**Brief:** Reproduce every record below exactly as written, leaving out any pictures.

(Beginning of Extracted material)

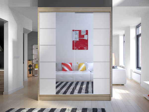 Placa laminată are grosime de 16 mm Sistemul ușilor este glisant Ghidaje din aluminiu Sevroll Mâner sub formă de bară de aluminiu de-a lungul ușii Mânerele din aluminiu împiedică îndoirea ușii > În colete veți găsi toate cele accesorile pentru asamblare și instrucțiunile de asamblare.
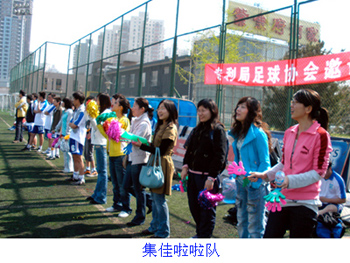 比賽場上,集佳隊員身著球隊隊服整裝出戰(zhàn),個個精神抖擻,士氣高漲;專利局隊也不示弱,賽場上的進攻、配合、組織都顯示出了極高的專業(yè)素質(zhì)。帶球、過人、傳球、射門……精彩又緊張的環(huán)節(jié)此起彼伏,雙方隊員都發(fā)揮出了很好的比賽狀態(tài)。比賽場下,一面是兩隊教練及替補球員積極商討戰(zhàn)術,變換打法;一面是熱情的啦啦隊員籌備了種類繁多的道具,不停吶喊、助威。
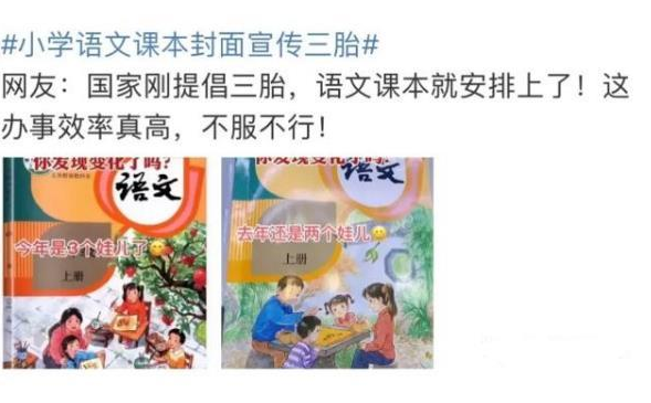 在相关部门推出三胎政策后,就像是在家长的心里扔了一颗深水炸弹,在网络上也引起了很多话题的讨论,有不少家长都表示不会再生三胎了。其实从小学生的教材封面就可以看出,家长对于三胎政策比较敏感。
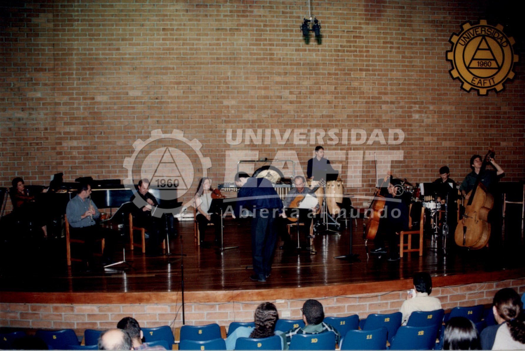 Fotografías tomadas durante el lanzamiento del grupo ensamble periscopio, en el año 2001, desde diferentes ángulos. El Ensamble Periscopio de la Universidad EAFIT, tiene como objetivo despertar el interés en los estudiantes por la interpretación de la música contemporánea, tanto del repertorio estándar universal como de autores colombianos y latinoamericanos y las nuevas propuestas de los estudiantes de composición de la universidad y otros proyectos que envuelvan la estética de la música erudita actual. Tomado de http://goo.gl/E5L0a3
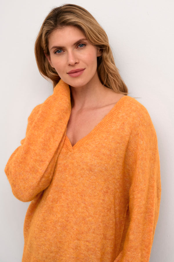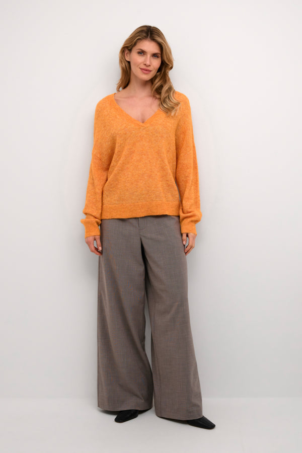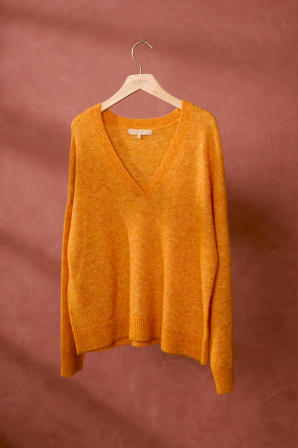 Cucacheia Ullgenser fra Culture er en perfekt kombinasjon av stil og komfort. Den har en avslappet passform, v-hals hals og ribbestrikkede detaljer som gir et moderne uttrykk. Laget i en luksuriøs ullblanding med alpakka, som gjør den både varm, lett og behagelig å ha på seg.
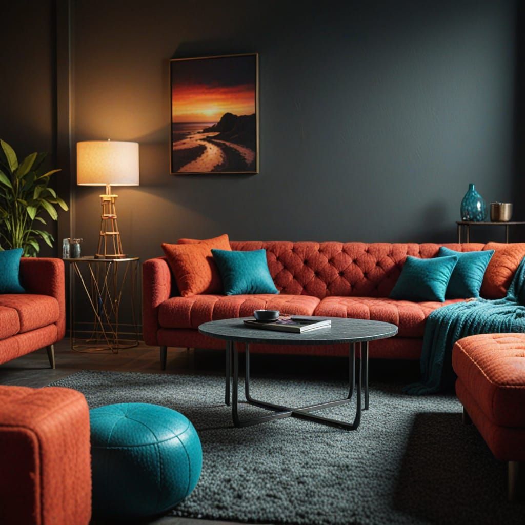 This image showcases hyper-realistic felted living room furniture in bright, bold colors. The photograph captures soft textures and rich, intricate details with dramatic cinematic lighting, high contrast, and an atmospheric color scheme.
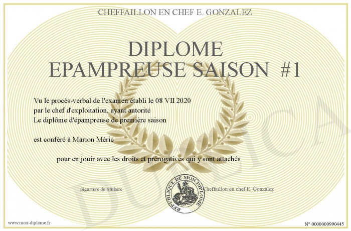 Envoyez par email votre Diplôme Epampreuse Saison #1 personalisé

(End of Extracted material)

**Completed task:**
 Placa laminată are grosime de 16 mm Sistemul ușilor este glisant Ghidaje din aluminiu Sevroll Mâner sub formă de bară de aluminiu de-a lungul ușii Mânerele din aluminiu împiedică îndoirea ușii > În colete veți găsi toate cele accesorile pentru asamblare și instrucțiunile de asamblare.
 比賽場上,集佳隊員身著球隊隊服整裝出戰(zhàn),個個精神抖擻,士氣高漲;專利局隊也不示弱,賽場上的進攻、配合、組織都顯示出了極高的專業(yè)素質(zhì)。帶球、過人、傳球、射門……精彩又緊張的環(huán)節(jié)此起彼伏,雙方隊員都發(fā)揮出了很好的比賽狀態(tài)。比賽場下,一面是兩隊教練及替補球員積極商討戰(zhàn)術,變換打法;一面是熱情的啦啦隊員籌備了種類繁多的道具,不停吶喊、助威。
 在相关部门推出三胎政策后,就像是在家长的心里扔了一颗深水炸弹,在网络上也引起了很多话题的讨论,有不少家长都表示不会再生三胎了。其实从小学生的教材封面就可以看出,家长对于三胎政策比较敏感。
 Fotografías tomadas durante el lanzamiento del grupo ensamble periscopio, en el año 2001, desde diferentes ángulos. El Ensamble Periscopio de la Universidad EAFIT, tiene como objetivo despertar el interés en los estudiantes por la interpretación de la música contemporánea, tanto del repertorio estándar universal como de autores colombianos y latinoamericanos y las nuevas propuestas de los estudiantes de composición de la universidad y otros proyectos que envuelvan la estética de la música erudita actual. Tomado de http://goo.gl/E5L0a3
 Cucacheia Ullgenser fra Culture er en perfekt kombinasjon av stil og komfort. Den har en avslappet passform, v-hals hals og ribbestrikkede detaljer som gir et moderne uttrykk. Laget i en luksuriøs ullblanding med alpakka, som gjør den både varm, lett og behagelig å ha på seg.
 This image showcases hyper-realistic felted living room furniture in bright, bold colors. The photograph captures soft textures and rich, intricate details with dramatic cinematic lighting, high contrast, and an atmospheric color scheme.
 Envoyez par email votre Diplôme Epampreuse Saison #1 personalisé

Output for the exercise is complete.